Anne’s face tightened. She took a step away from Patrick.

‘I said they should be in Greece,’ insisted Patrick, ‘not in the British Museum. Of course, Lord Elgin should never have removed them from the Parthenon.’

‘Oh really?’ said Anne.

Her lips are far too big for her face, he thought.

‘Lord Elgin,’ continued Patrick, ‘stole them from Athens in the early 1800s. From the Parthenon.’ He wished his throat wasn’t so dry. His body felt larger than any of these huge sculptures, and far more cumbersome while she stood there like some buttery, ethereal, poised, questioning, yet without any apparent awareness of the clumsy business of human, mortal limbs. ‘As perhaps you know.’

Anne drew back a red glove and examined her watch. As she did so, her hair fell forward slightly. Her silly glittering hair clips did not hold her landslide of hair well.

‘You know about Elgin?’ he said. ‘He was the British ambassador to the Ottoman Empire—in Constantinople—who took it upon himself to steal these invaluable sculptures.’

The woman’s high-heeled boots were close together. Her coat was soft velvet, like a cat’s skin.
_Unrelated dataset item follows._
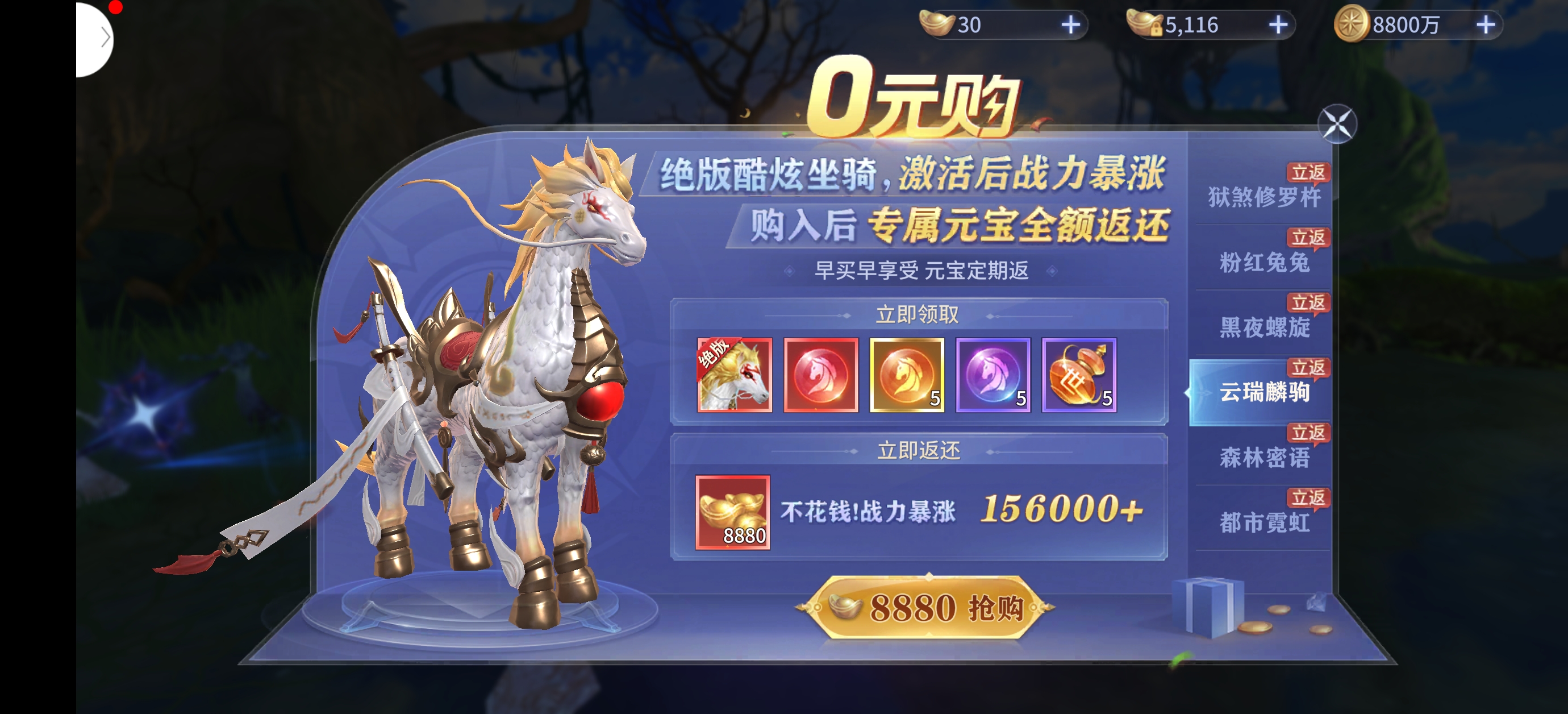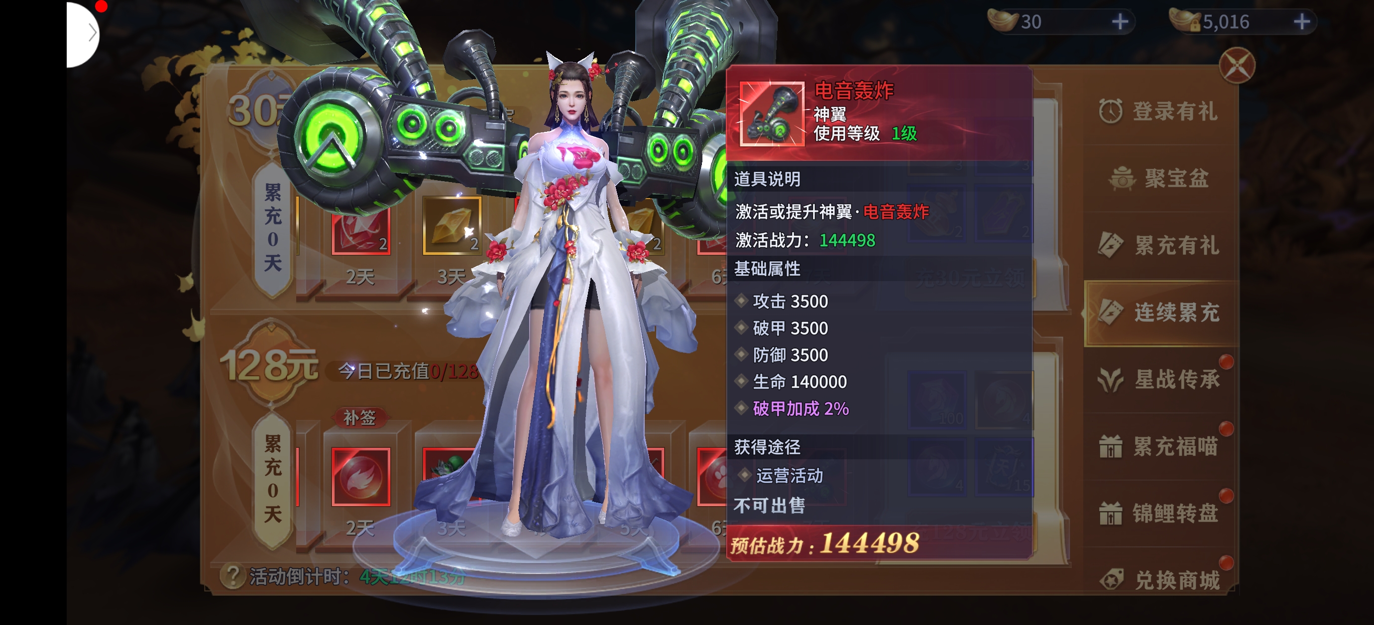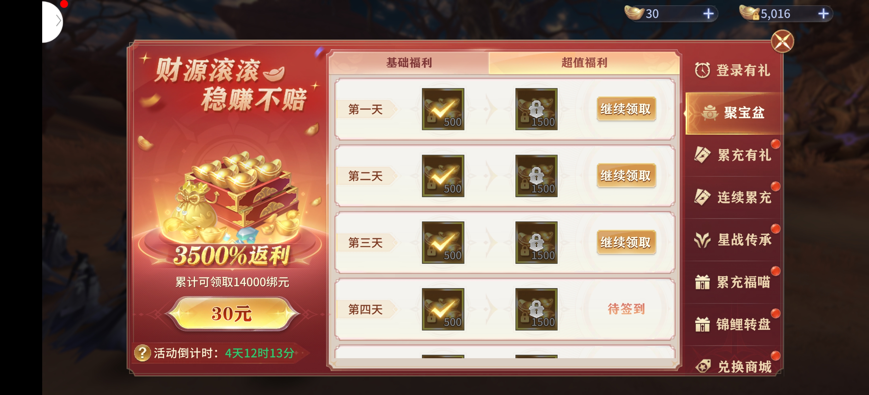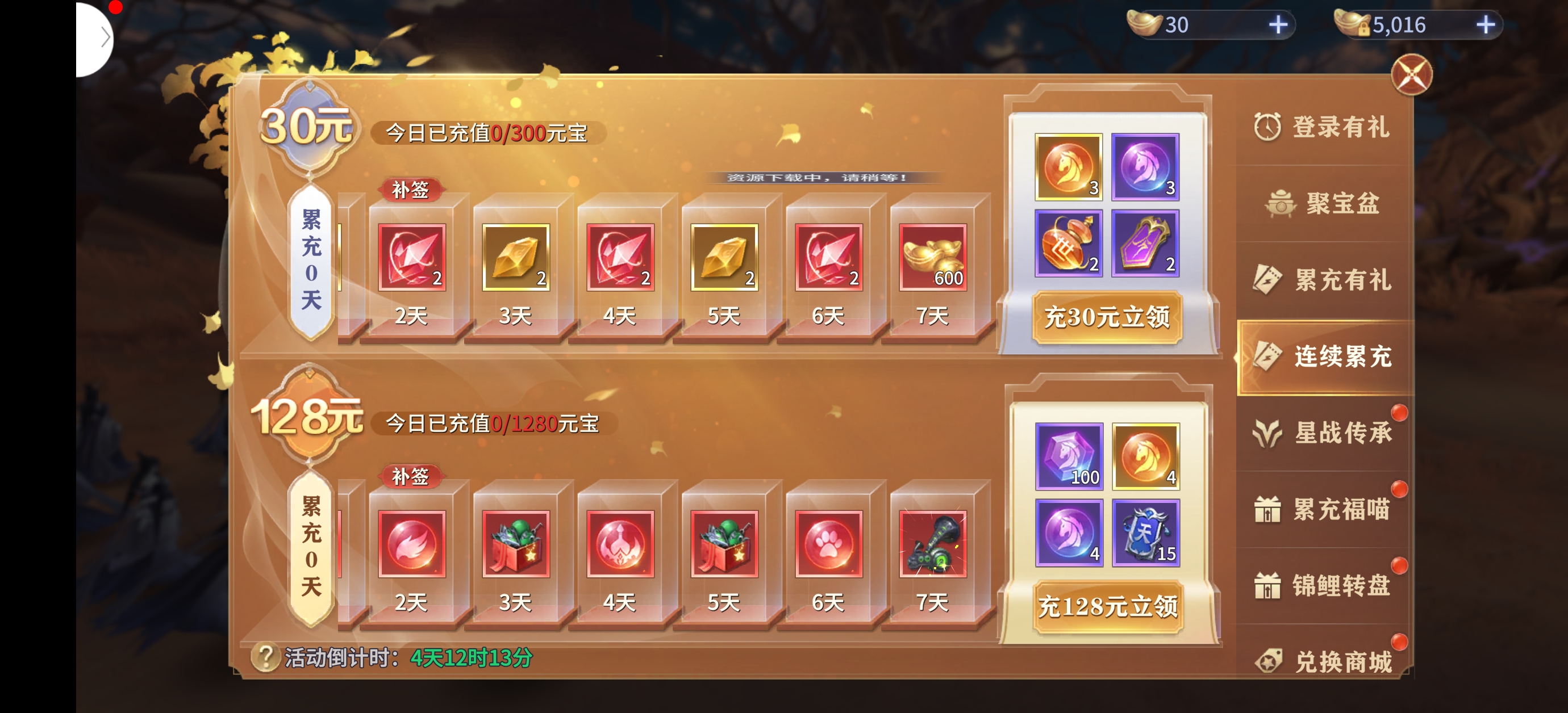 这是一个连充活动,连续四天充值1280就可以获得坐骑任选礼包,里面的坐骑是平时不常见的,若是没有连续充值四天,可以在活动的最后一天消耗元宝进行补签

‘Interesting you say that,’ she said.

There was a distant, condescending note to her voice, which unnerved him.

‘I must be getting on,’ said the young woman, turning away, the folds of her black coat rippling with a beauty more immediate than the cold folds of the soldiers’ cloaks all around them.

Patrick panicked. He had behaved like a boor. He should apologise. He couldn’t imagine why he did it, except for her tiny hands. His mind sorted through a variety of words and haphazardly landed on ‘Lord Elgin was a jerk’. He uttered these words.

Anne stiffened. She smiled gently, pityingly at Patrick, then walked away.

For a moment he followed, but there was something about the defiance of her shoulders that made him stay back.

He settled his thumping heart, which felt as though some pulsating creature was at loose within him, by studying the broken wonders all around him.

Behind him Dionysus reclined, his hands and feet gone, and Iris, messenger of the gods, hurries on, the wind blowing her dress against her stone body, racing through time, but never arriving.

As he walked out a few moments later, through the museum, sunlight strikes down over colossal black scarab beetles, over two pillars soaring up, over stone hawks sitting docile through the centuries, a world of violent shapes. This is magic, he thought, this is a world of magic and transformation. He stayed quite still, awed by the sunlight and splendour, the moment of glory in a city day, and as he stopped he saw that the young woman, the young woman of the centaur and the swordsman, of the gloves and velvet coat, had also stopped to look at the sunlight, before hurrying on, away from him, the long coat swinging behind her.